Луна Верховного
– Я беременна. От него.
И выкладываю все, как на духу. Всю правду о той ночи и ее последствиях.
Доминик терпеливо меня выслушивает. Возможно, слишком терпеливо.
– Я скоро буду в Кингтоне. Все решу.
Все решу.
Как же мне хочется верить, что именно так и будет. Интуиция подсказывает, что в случае с Рамоном возможно все. Но может… Может, мы не с того начали, и я смогу убедить его отказаться от ребенка? Эта мысль дарит мне надежду.
Взгляд вернувшегося вервольфа говорит, что его невозможно в чем-то переубедить. Он будто в самое сердце и навылет. Глубокий. Испепеляющий.
Рамон подходит ко мне, застывшей возле окна и делающей вид, что меня не интересует ни его взгляд, ни он сам.
– Минут через десять-двадцать здесь будет Экрот, – говорит он то, что я и так знаю. – В твоих же интересах, чтобы все прошло быстро и без шума.
– Без шума?
– По закону этот ребенок принадлежит мне.
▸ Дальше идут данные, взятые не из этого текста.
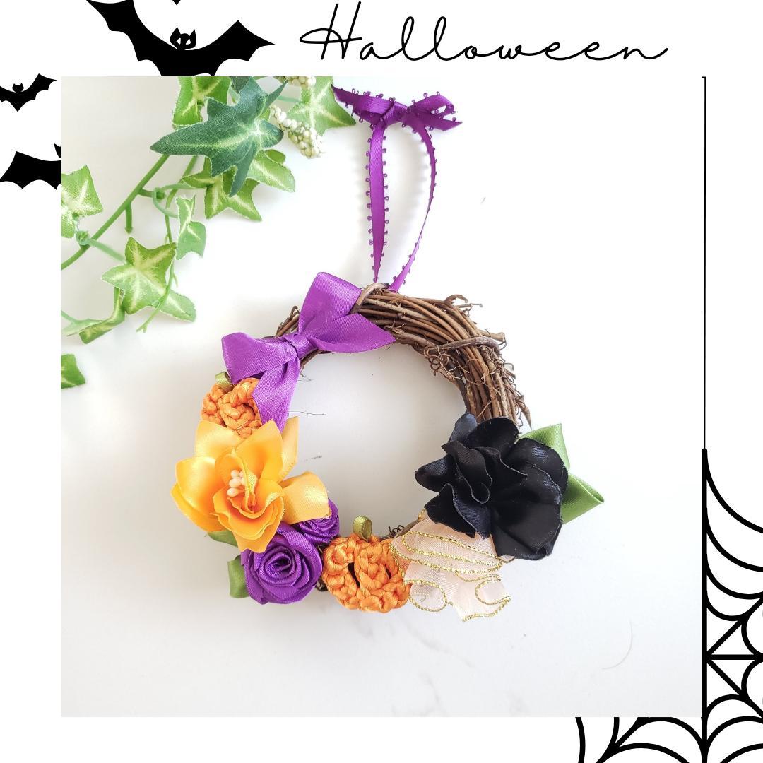 オレンジ、紫、黒のリボンでお花やモチーフを作って

Я в любом случае его заберу, ни Экрот, ни кто-либо другой не может мне помешать это сделать.
– Он еще не родился, – напоминаю я, инстинктивно прикрывая живот.
– Поэтому я заберу тебя.
– В качестве кого?
– Багажа, прилагающегося к моему наследнику.
Р-р-р! Даже бывший муж не вызывал во мне столько ненависти.
– Мой альфа этого не позволит.
– Попытается, – скучающим тоном замечает Рамон, и Волчий союз решит, что Легории нужен новый Совет старейшин.
По спине струится холодок. Я словно леденею изнутри после этих слов.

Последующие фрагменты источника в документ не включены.